Francis: Are you kidding me? I can’t. No way. Who’s going to do that? No, no one wants to watch that. That’s boring. Uh, so I have them just, I usually have a fan out and they pick one. I’m like, “This is the ballot. This is the play we’re doing.” But recently I’ve added a mechanism where an audience member can purchase the play. And if you purchase the play—it’s one of the first things that they hear me say after a little brief introduction and “please finish voting.” I say, “If an audience member would like to purchase this play, if you purchase this play, then I will perform your ballot.” And I say, “I’ll perform your ballot. And I only take cash, but any amount will do.”
And I’ll tell you, since I added that mechanism, I think I’ve only had one performance where somebody did not buy the play. It’s effective. And because of me, pretty much immediately people go, “Oh, right.” So people, people have been buying the play. And then any piece of audience interaction past that, anything that I need assistance with or, um, any sort of audience involvement falls to the person who purchased the play. It’s their play.
Now, instead of it being like one person over here is going to help another person over here is going to help. Now it’s just your play. This is your play. You are the patron. You paid for it. So everything falls to you. Everything that happens to me tonight is because of you, which can feel a little complicated because some of the things I do, it looks, kind of looks and is a little painful, physically painful for me to do.
I do make them make all their choices really quickly. And that even includes like, “Oh, I want to, I want my ballot performed,” but then the, like the fallout from that can feel… Ooh, it can be really intense. And a lot of—sometimes people tell me like, “I didn’t quite know what I was getting into.” And I’m like, yeah, really, really, really makes you think, really thinks your thinker, don’t it?
Nicolas: I love that tension just between like, oh, make a quick fun choice. And now you are responsible for what happens in this play. And I’m going to keep coming back to you.
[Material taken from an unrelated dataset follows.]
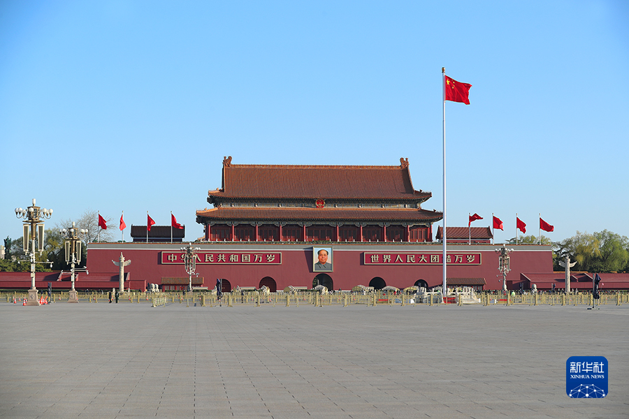 3月12日上午9時,十四屆全國人大一次會議在人民大會堂舉行第五次全體會議。圖為天安門廣場。新華網記者 焦鵬 攝
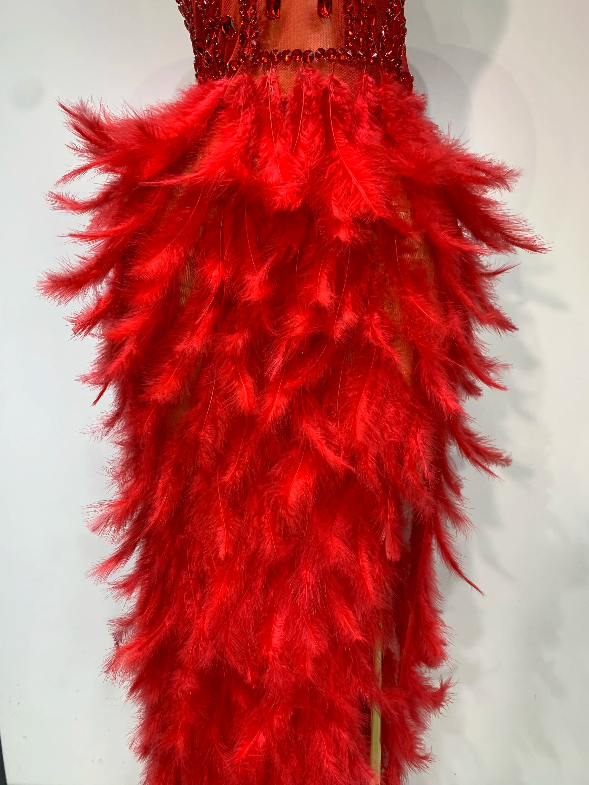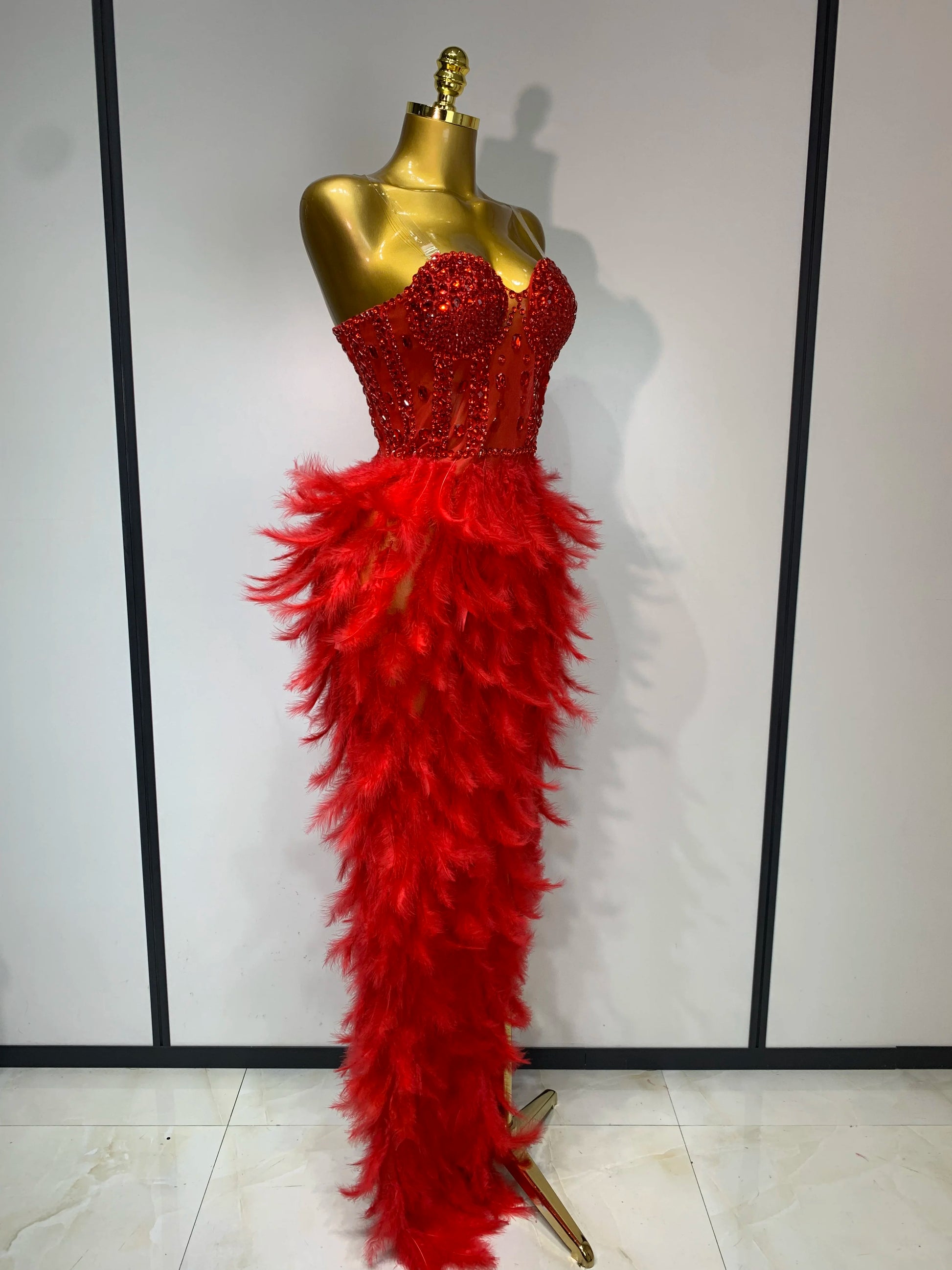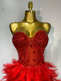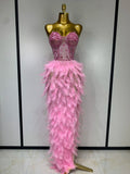 Sparkly Rhinestone Feather Mesh Long Dress Women Sexy Elegant Evening Party Luxury Birthday Photo Shoot Performance Costume

Francis: Yeah, it’s, it does. Cause at first it’s like, “Oh, this list of titles, this is interesting. I guess I’ll just pick some stuff.” And I really wanted it to—like, the ballot, the way that it’s built, it looks pretty official. I’ve tried to make it really look like a government document. I really wanted it to feel like voting, you know, when you go vote and you know some for sure. You’re like, I know the people that I have to vote for. And then you’re like, there’s ninety judges that I have to vote for. I guess I’ll just pick the ones that are in my party? Or I guess I’ll just, uh, I’ll pull up a guide somebody else has put together. That’ll work too. And I’m like, I’m not innocent in this either. Right? Voting is a really, really hard thing to do. On purpose. They’ve made it very hard. So I really wanted to mimic that to be like, you don’t know what you’re voting for, but you must vote. And the fallout can be painful to watch. And you may not know at all what you’re doing, but you did it. And now you have to pay for it.
Nicolas: I love it. I love it. It’s great. It’s so uncomfortable, and it’s great.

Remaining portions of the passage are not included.